Panel A. NOG/SCID/γc−/− mice engrafted i.p. with the neuroblastoma cell line CHLA-255 labeled with firefly luciferase were infused i.p. with control or CAR-CMV-CTLs and vaccinated. The graph summarizes tumor bioluminescence. Summary of CMV-CTL line prepared from 4 donors: 15 mice (control CMV-CTLs plus K/CD40L/pp65 and K/OX40L/pp65), 17 mice (CAR-CMV-CTLs plus K/CD40L and K/OX40L) and 17 mice (CAR-CMV-CTLs plus K/CD40L/pp65 and K/OX40L/pp65) were used per group. Panel B. Mice euthanized were analyzed for the presence of macroscopic tumors. The graph summarizes the volume of the tumor collected in the different groups. Panel C. Enumeration of the CMV-CTLs in the isolated human CD45+ cells from the spleen as assessed by IFNγ ELISpot in response to CMV-pp65 and irrelevant pepmixes or the 1A7 Ab that cross-links the CAR-GD2. Data represent mean ± SD. Panel D. Mice were inoculated i.v. with the GD2+ lung carcinoma cell line A459 labeled with Firefly luciferase. Mice were then infused i.v. with control or CAR-CMV-CTLs and vaccinated. Tumor bioluminescence was then measured overtime. The graph is representative of one of 4 experiments using CMV-CTLs from 4 donors. Panel E. Kaplan-Meier analysis of tumor-bearing mice. Summary of CMV-CTL lines prepared from 4 donors: 15 mice (control CMV-CTLs plus K/CD40L/pp65 and K/OX40L/pp65), 13 mice (CAR-CMV-CTLs plus K/CD40L and K/OX40L), 13 mice (CAR-CMV-CTLs plus K/CD40L/pp65 and K/OX40L/pp65) and 8 mice (CAR-CMV-CTLs alone) were used per group.

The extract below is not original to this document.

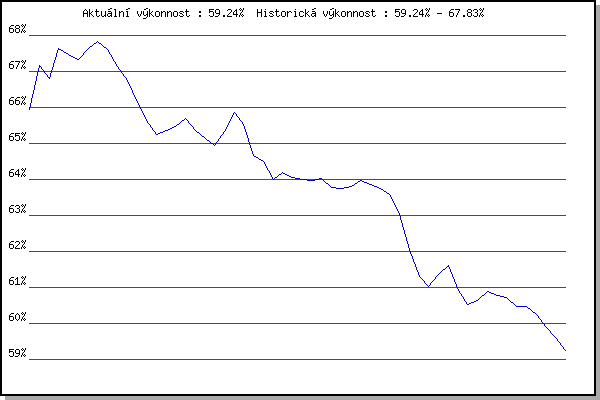 ZávodBodyVýkonnostZměna| 17.11.2007 | 17.listopadu | 65.94% | 65.94% | | | 1.12.2007 | Jehnice | 67.68% | 67.16% | +1.22% | | 26.12.2007 | Syrovice | 66.26% | 66.79% | -0.37% | | 5.1.2008 | Krenovice | 68.77% | 67.64% | +0.85% | | 19.1.2008 | Radostice | 67.09% | 67.48% | -0.16% | | 2.2.2008 | Kanice | 66.90% | 67.32% | -0.16% | | 16.2.2008 | Rajecko | 68.34% | 67.65% | +0.33% | | 1.3.2008 | Modrice | 68.26% | 67.83% | +0.18% | | 29.3.2008 | Cernohorsky soudek | 65.84% | 67.60% | -0.23% | | 22.11.2008 | 17.listopadu | 62.95% | 67.13% | -0.47% | | 6.12.2008 | Jehnice | 65.34% | 66.74% | -0.39% | | 26.12.2008 | Syrovice | 64.17% | 66.20% | -0.54% | | 24.1.2009 | Radostice | 61.40% | 65.63% | -0.57% | | 21.2.2009 | Rajecko | 63.82% | 65.25% | -0.38% | | 7.3.2009 | Modrice | 65.60% | 65.35% | +0.10% | | 21.3.2009 | Myslivna | 65.86% | 65.48% | +0.13% | | 21.11.2009 | 17.listopadu | 66.27% | 65.68% | +0.20% | | 26.12.2009 | Syrovice | 64.03% | 65.35% | -0.33% | | 23.1.2010 | Radostice | 64.35% | 65.15% | -0.20% | | 20.2.2010 | Rajecko | 64.10% | 64.94% | -0.21% | | 6.3.2010 | Modrice | 66.45% | 65.32% | +0.38% | | 3.4.2010 | Cernohorsky soudek | 67.38% | 65.85% | +0.53% | | 4.12.2010 | Okrouhla | 59.09% | 65.54% | -0.31% | | 8.1.2011 | Kurim | 61.03% | 64.66% | -0.88% | | 22.1.2011 | Radostice | 63.91% | 64.51% | -0.15% | | 5.2.2011 | Kanice | 61.94% | 64.01% | -0.50% | | 5.3.2011 | Modrice | 64.74% | 64.20% | +0.19% | | 26.3.2011 | Myslivna | 63.44% | 64.05% | -0.15% | | 3.12.2011 | Okrouhla | 63.77% | 63.99% | -0.06% | | 7.1.2012 | Kurim | 63.91% | 63.98% | -0.01% | | 21.1.2012 | Radostice | 64.16% | 64.02% | +0.04% | | 4.2.2012 | Kanice | 62.85% | 63.79% | -0.23% | | 3.3.2012 | Modrice | 63.58% | 63.75% | -0.04% | | 11.3.2012 | Myslivna | 64.01% | 63.81% | +0.06% | | 31.3.2012 | Cernohorsky soudek | 64.50% | 63.98% | +0.17% | | 19.1.2013 | Radostice | 63.33% | 63.85% | -0.13% | | 24.3.2013 | Myslivna | 62.98% | 63.74% | -0.11% | | 5.12.2015 | Okrouhla | 57.27% | 63.59% | -0.15% | | 26.12.2015 | Syrovice | 60.72% | 63.02% | -0.57% | | 9.1.2016 | Kurim | 53.05% | 62.05% | -0.97% | | 23.1.2016 | Radostice | 58.22% | 61.30% | -0.75% | | 6.2.2016 | Rajecko | 59.89% | 61.02% | -0.28% | | 12.3.2016 | Modrice | 62.37% | 61.37% | +0.35% | | 3.4.2016 | Brnenska prehrada | 62.36% | 61.62% | +0.25% | | 10.12.2016 | Vranovsky zleb | 58.06% | 60.93% | -0.69% | | 21.1.2017 | Radostice | 58.90% | 60.52% | -0.41% | | 11.2.2017 | Rajecko | 60.97% | 60.64% | +0.12% | | 4.3.2017 | Modrice | 61.65% | 60.89% | +0.25% | | 2.12.2017 | Okrouhla | 60.27% | 60.77% | -0.12% | | 9.12.2017 | Vranovsky zleb | 60.51% | 60.72% | -0.05% | | 6.1.2018 | Kurim | 57.50% | 60.46% | -0.26% | | 20.1.2018 | Radostice | 60.49% | 60.47% | +0.01% | | 27.1.2018 | Rajecko | 59.40% | 60.26% | -0.21% | | 17.2.2018 | Modrice | 58.57% | 59.92% | -0.34% | | 10.3.2018 | Myslivna | 57.65% | 59.62% | -0.30% | | 26.1.2019 | Rajecko | 56.98% | 59.24% | -0.38% | | | | |

Figure 5. Activation of the iC9 suicide gene eliminates engrafted K562-derived whole-cell vaccine in vivo

Panel A. Characterization of the clones by flow cytometry analysis. Gray areas indicate wild type K562 cells. Panel B. Western blot showing the expression of CMV-pp65 in the clones expressing the iC9 transgene. Panels C and D. NOG/SCID/γc−/− mice were inoculated subcutaneously with irradiated (C) or non-irradiated (D) K562-derived whole-cell vaccine expressing the iC9 gene and labeled with an enhanced firefly luciferase. Tumor growth was measured by in vivo imaging. Panel E. Effects of the administration of the chemical inducer of dimerization (CID) AP20187 on the growth of engineered vaccine.